It is added drop-wise to difference Mg on interface2+The buffer of concentration is by 1xTAE-Mg2+ It is added dropwise in solution and is free of Mg2+'s Buffer is made.
The method for changing interface environmental factor, is deposited on mica sheet using DNA origami structure and is formed by interface, blown The pH buffer of sufficient amount is added dropwise directly above to submerge DNA origami structure after dry.
The method for changing environmental factor in solution is added dropwise into the buffer for saving DNA paper folding and contains excessive hydrochloric acid or hydrogen-oxygen Change the 1xTAE-Mg of sodium2+Buffer is made.
The present invention has the advantages that the observation the present invention is based on scanning probe microscopy is simple to operation, pattern is clear, fits For studying influence of the interfacial effect to a variety of two-dimension nano materials;Interface is constructed using mica sheet, it is easy to accomplish, and can probe into Factor it is more, transplantability is strong;The method of the present invention is suitable for probing into influence of the interfacial effect to a variety of two-dimensional surface materials.Specifically Are as follows:
(1) the invention proposes a kind of experimental methods of influence to DNA two-dimensional nanostructure of probing into interfacial effect.

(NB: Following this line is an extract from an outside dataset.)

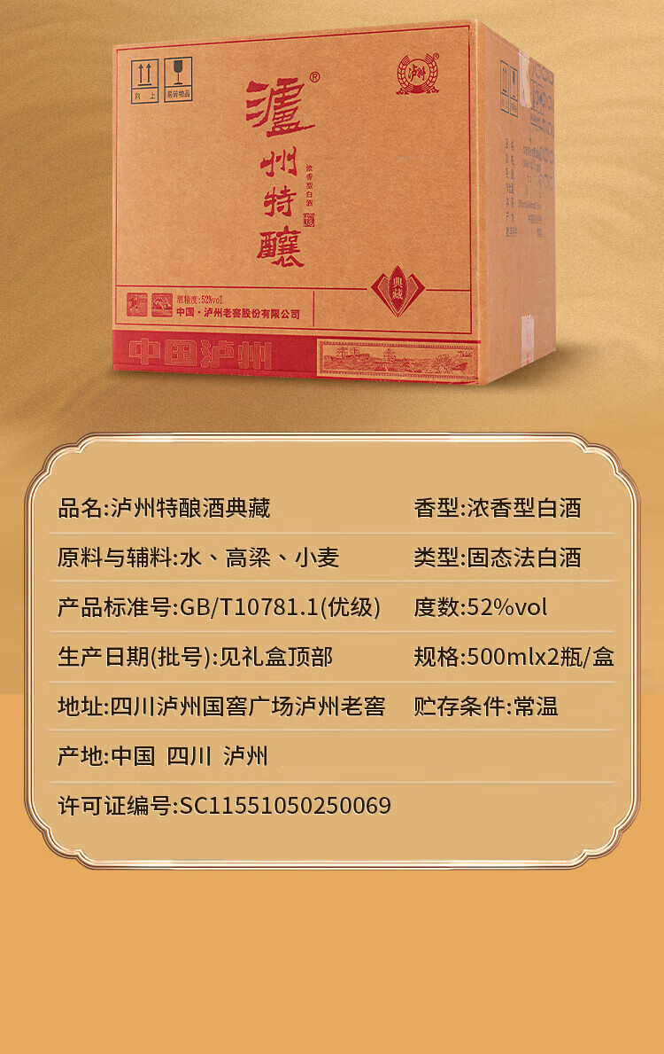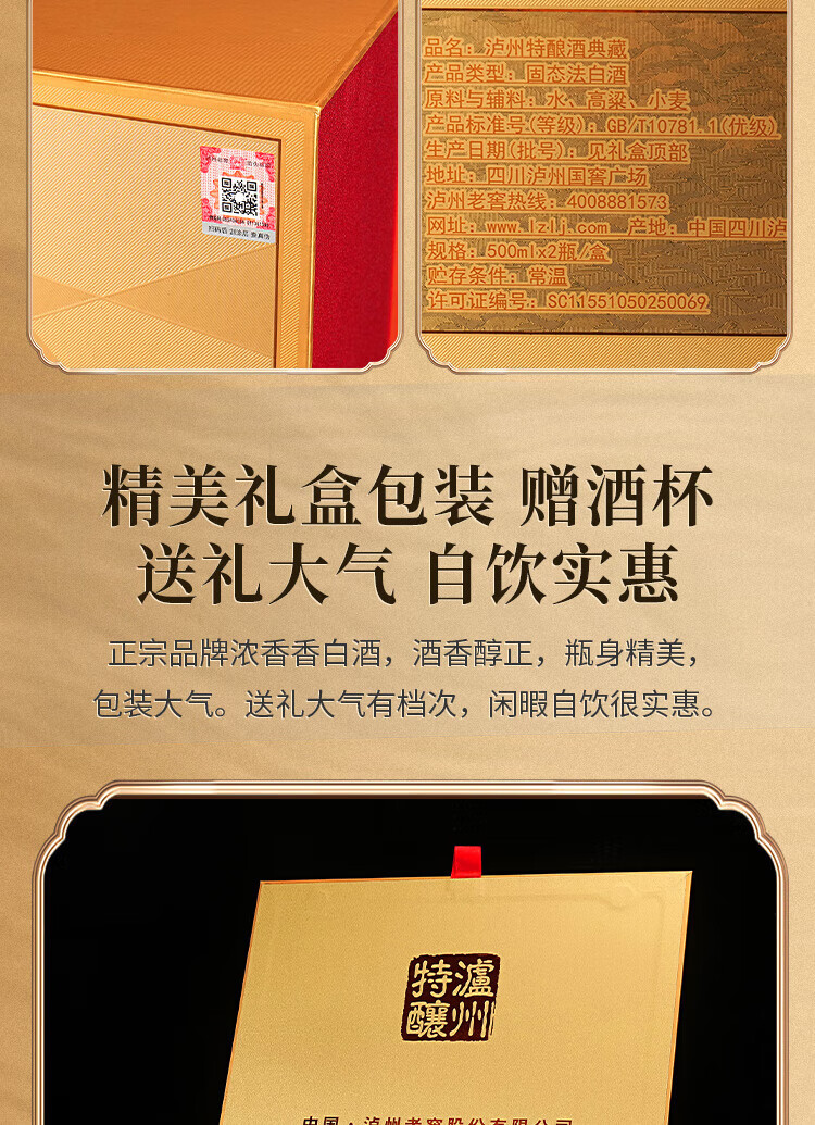 泸州老窖公司 浓香型白酒 粮食口粮酒礼盒装喜酒宴请节日送礼 52度 500mL 4瓶 原酿天典臻传上品

(2) morphology observation based on scanning probe microscopy is easy to operate, and pattern is clear.Interface is constructed using mica sheet, It is easily achieved, and the factor that can be probed into is more, transplantability is strong.
(3) this method is suitable for probing into influence of the interfacial effect to a variety of two-dimensional surface materials.
Detailed description of the invention
Fig. 1 is pattern comparison diagram of the DNA three-legged structure at different pH in interface and solution;
Fig. 2 is DNA three-legged structure interface and the pattern comparison diagram in solution at different temperatures;
Fig. 3 is DNA three-legged structure in different Mg2+Pattern comparison diagram under concentration in interface and solution;
Fig. 4 is pattern comparison diagram of the DNA three-legged structure under different ultraviolet irradiations in interface and solution.
Specific embodiment
Technical solution of the present invention is described further below by way of specific embodiment.Embodiment below is to this The further explanation of invention, and do not limit the scope of the invention.
Embodiment 1
Morphology observation of the DNA triangle paper folding on interface when pH4:
Mica sheet is fixed on iron plate, the triangle paper folding solution (1nM) for taking 3 μ l to prepare is deposited on new removing mica sheet and washed It removes salinity and is dried with nitrogen, the buffer of 20 μ l pH4 is then added dropwise to mica sheet surface again, and place 10 min, then uses again Q water washes out salinity on mica sheet and is dried with nitrogen, and is placed under scanning probe microscopy and observes the variation of its pattern.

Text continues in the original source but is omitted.